Metlo Juice Shop
SQL Injection

One of the big vulnerabilities that are present on the Juice Shop app are SQL Injection attacks. To test for and catch these SQL Injection vulnerabilities, you can use Metlo’s powerful Testing feature.

1. Setup

You can use Metlo’s CLI to push predefined templates for Juice Shop SQL Injection, BOLA, and Broken Authentication vulnerabilities.

Bash
metlo juice-shop init-templates

Once the templates have been pushed to Metlo, you can view them in the Testing page.
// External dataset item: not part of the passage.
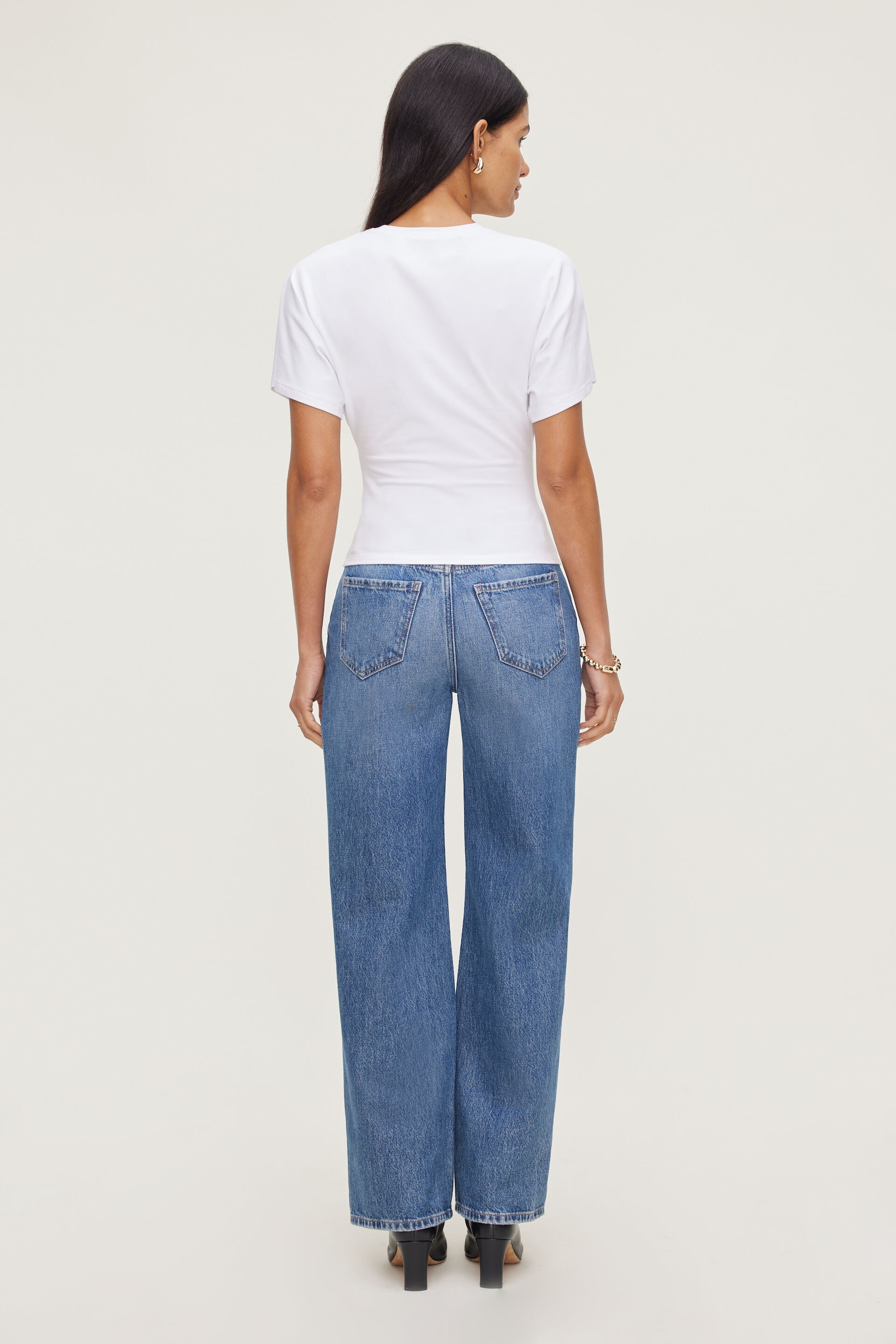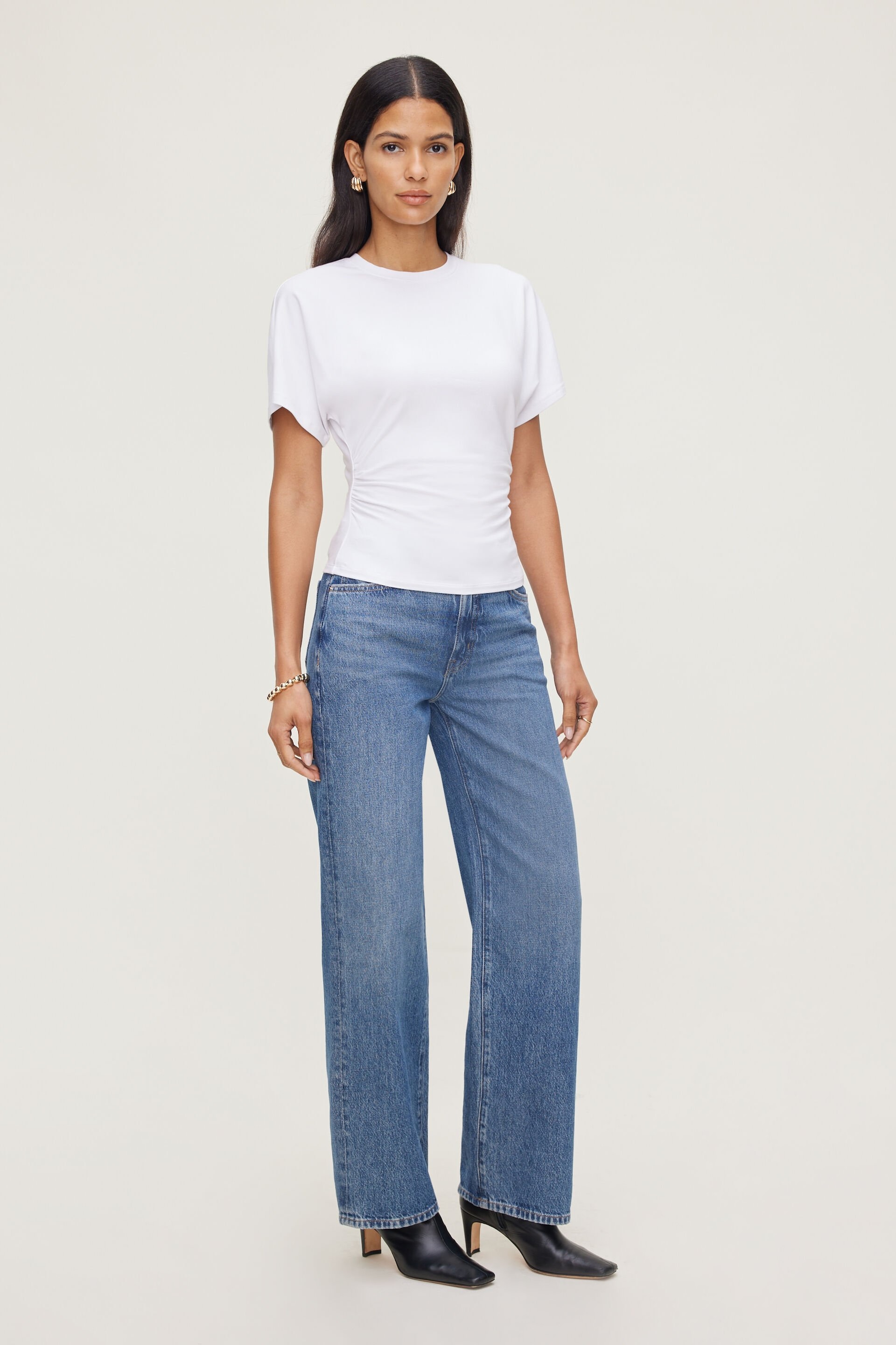 This T shirt is made from our heavy cotton spandex blend fabric, crafted with a comfortable stretch that holds its shape for a soft, body-hugging feel. It's designed for a fitted silhouette with dolman sleeves for some loose flare. Style it with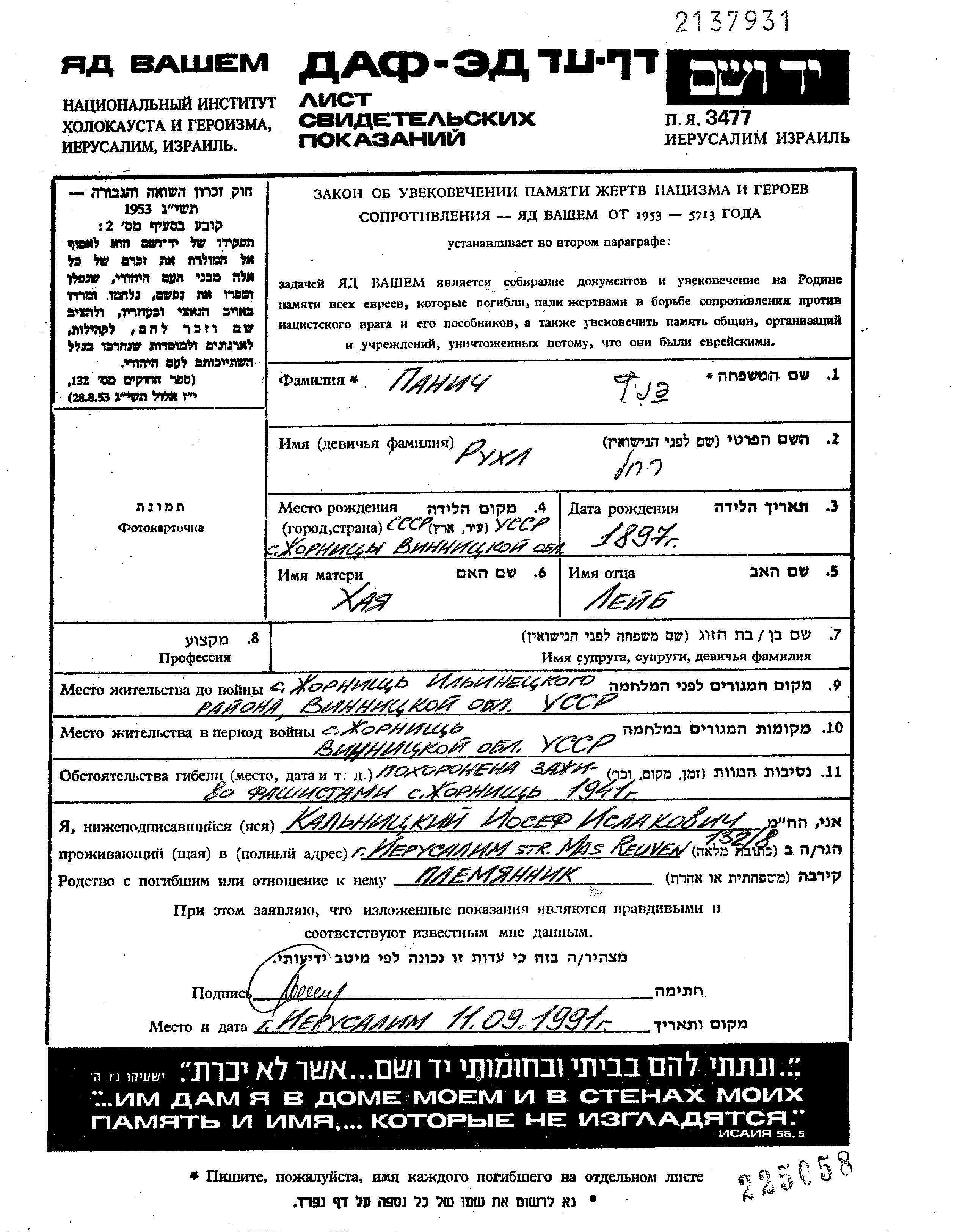 Panich Rukhl Zhornishche, Ukraine (USSR) Page of Testimony

There are two types of SQL Injection templates: JUICE_SHOP_SQLI which checks if an endpoint returns a non error status code for requests with SQL Injection payloads and JUICE_SHOP_SQLI_TIME_BASED which sends Time-based SQL Injection payloads and checks if the database is forced to wait for a longer time interval.

2. Create Test

Next, you can create a test from your new JUICE_SHOP_SQLI template. Go to the Endpoints page in the Metlo Web App and search for this endpoint /rest/user/login. Go to the Endpoint Overview page for that endpoint and click on the Tests tab. Now, click Generate Test and JUICE_SHOP_SQLI on the drop-down menu. You should now see the test yaml which was generated from the template you pushed earlier. If you want to read in more depth about how the Testing feature works, you can check out our docs on writing a test.

3. Run Test

Now, you can hit the Run button to see if the tests pass. One of the request assertions failed because the request successfully logged in as an admin user using a SQL injection payload for the email field.

You can also create a test for Time-based SQL Injection attacks. Follow the same directions as in Steps 2 and 3 but when clicking Generate Test, select the JUICE_SHOP_SQLI_TIME_BASED option from the drop-down menu instead.